▶ [WORK ORDER] Output the data word for word, dropping every image.
┌─ MATERIAL FOR THE TASK
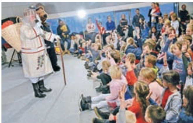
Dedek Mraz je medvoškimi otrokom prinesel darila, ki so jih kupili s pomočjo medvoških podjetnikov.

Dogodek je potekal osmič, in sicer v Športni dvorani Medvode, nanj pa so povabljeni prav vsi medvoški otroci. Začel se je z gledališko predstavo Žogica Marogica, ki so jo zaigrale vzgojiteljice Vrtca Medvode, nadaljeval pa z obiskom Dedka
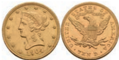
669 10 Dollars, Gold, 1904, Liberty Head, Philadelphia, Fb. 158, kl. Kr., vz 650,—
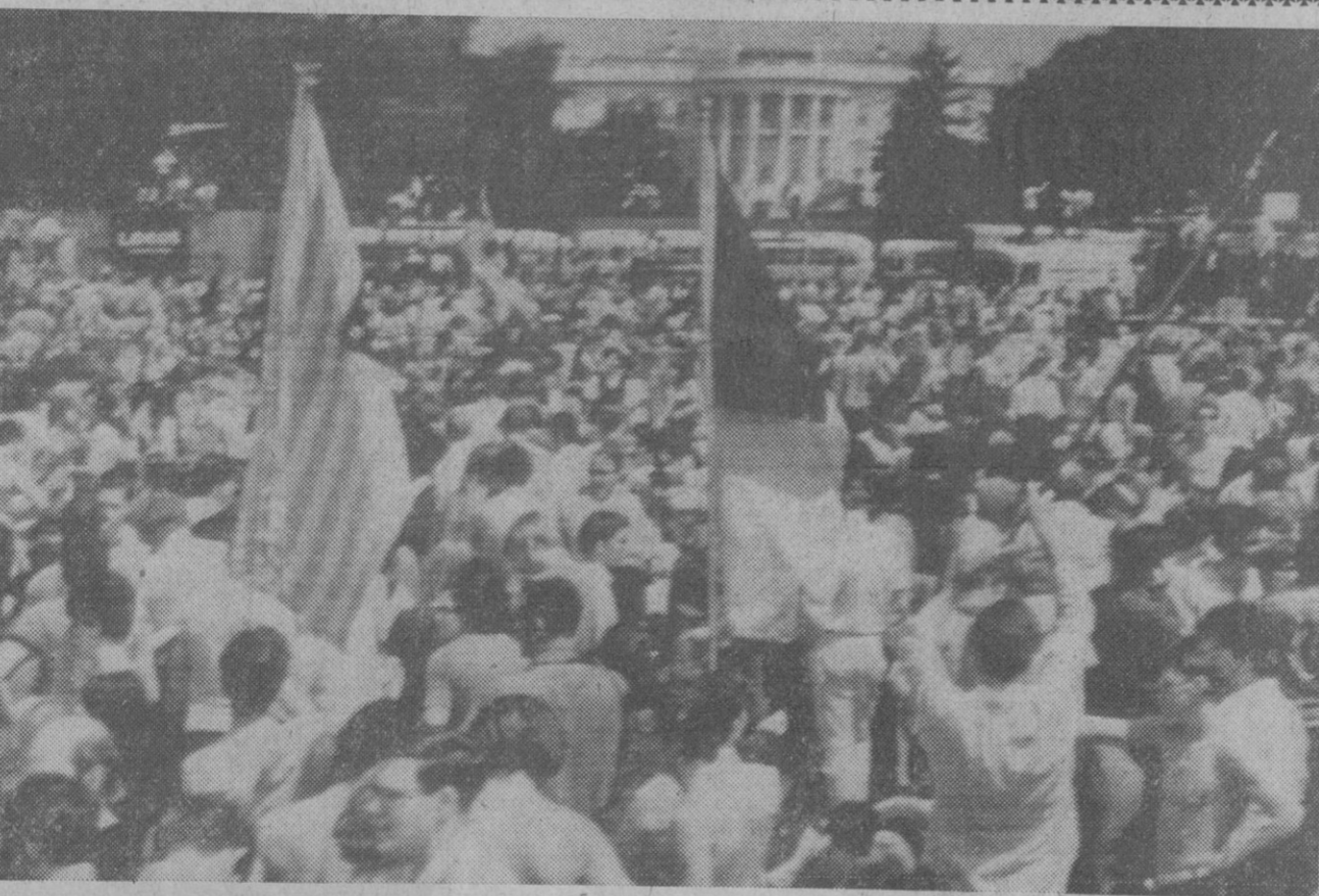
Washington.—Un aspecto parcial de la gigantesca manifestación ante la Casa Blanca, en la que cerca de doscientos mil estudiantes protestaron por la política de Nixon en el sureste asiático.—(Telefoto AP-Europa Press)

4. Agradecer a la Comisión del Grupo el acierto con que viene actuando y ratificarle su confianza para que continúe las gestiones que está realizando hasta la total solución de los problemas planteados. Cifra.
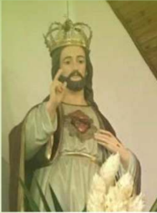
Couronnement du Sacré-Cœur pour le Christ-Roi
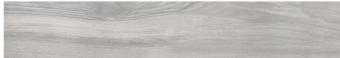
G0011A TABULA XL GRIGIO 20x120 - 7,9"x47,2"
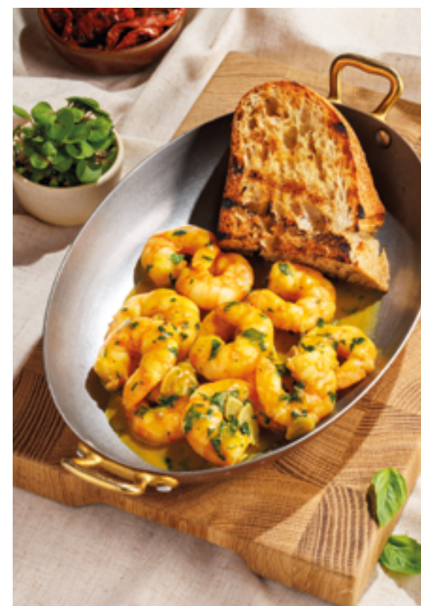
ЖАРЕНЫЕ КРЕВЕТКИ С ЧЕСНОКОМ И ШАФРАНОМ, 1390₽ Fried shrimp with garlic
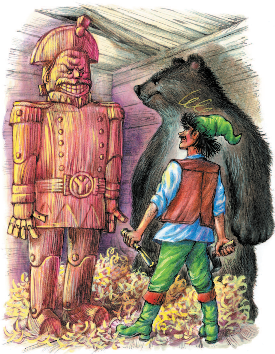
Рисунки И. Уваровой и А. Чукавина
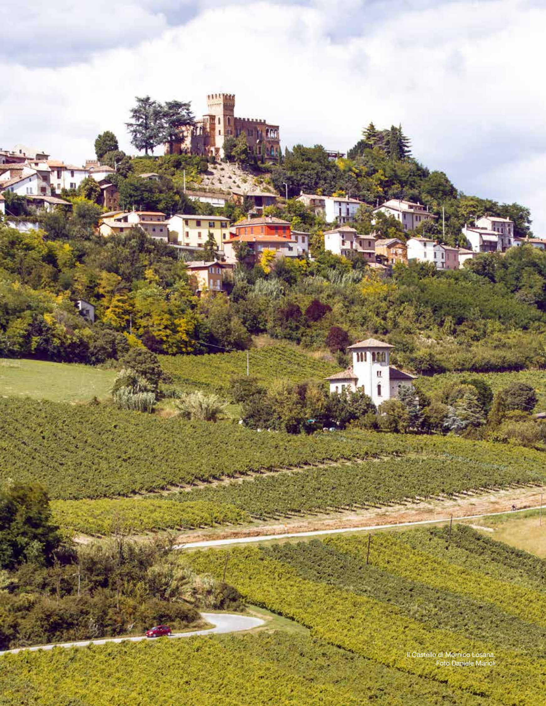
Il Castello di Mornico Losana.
└─
▶ [EXERCISE SOLUTION]
Dedek Mraz je medvoškimi otrokom prinesel darila, ki so jih kupili s pomočjo medvoških podjetnikov.

Dogodek je potekal osmič, in sicer v Športni dvorani Medvode, nanj pa so povabljeni prav vsi medvoški otroci. Začel se je z gledališko predstavo Žogica Marogica, ki so jo zaigrale vzgojiteljice Vrtca Medvode, nadaljeval pa z obiskom Dedka
669 10 Dollars, Gold, 1904, Liberty Head, Philadelphia, Fb. 158, kl. Kr., vz 650,—
Washington.—Un aspecto parcial de la gigantesca manifestación ante la Casa Blanca, en la que cerca de doscientos mil estudiantes protestaron por la política de Nixon en el sureste asiático.—(Telefoto AP-Europa Press)

4. Agradecer a la Comisión del Grupo el acierto con que viene actuando y ratificarle su confianza para que continúe las gestiones que está realizando hasta la total solución de los problemas planteados. Cifra.
Couronnement du Sacré-Cœur pour le Christ-Roi
G0011A TABULA XL GRIGIO 20x120 - 7,9"x47,2"
ЖАРЕНЫЕ КРЕВЕТКИ С ЧЕСНОКОМ И ШАФРАНОМ, 1390₽ Fried shrimp with garlic
Рисунки И. Уваровой и А. Чукавина
Il Castello di Mornico Losana.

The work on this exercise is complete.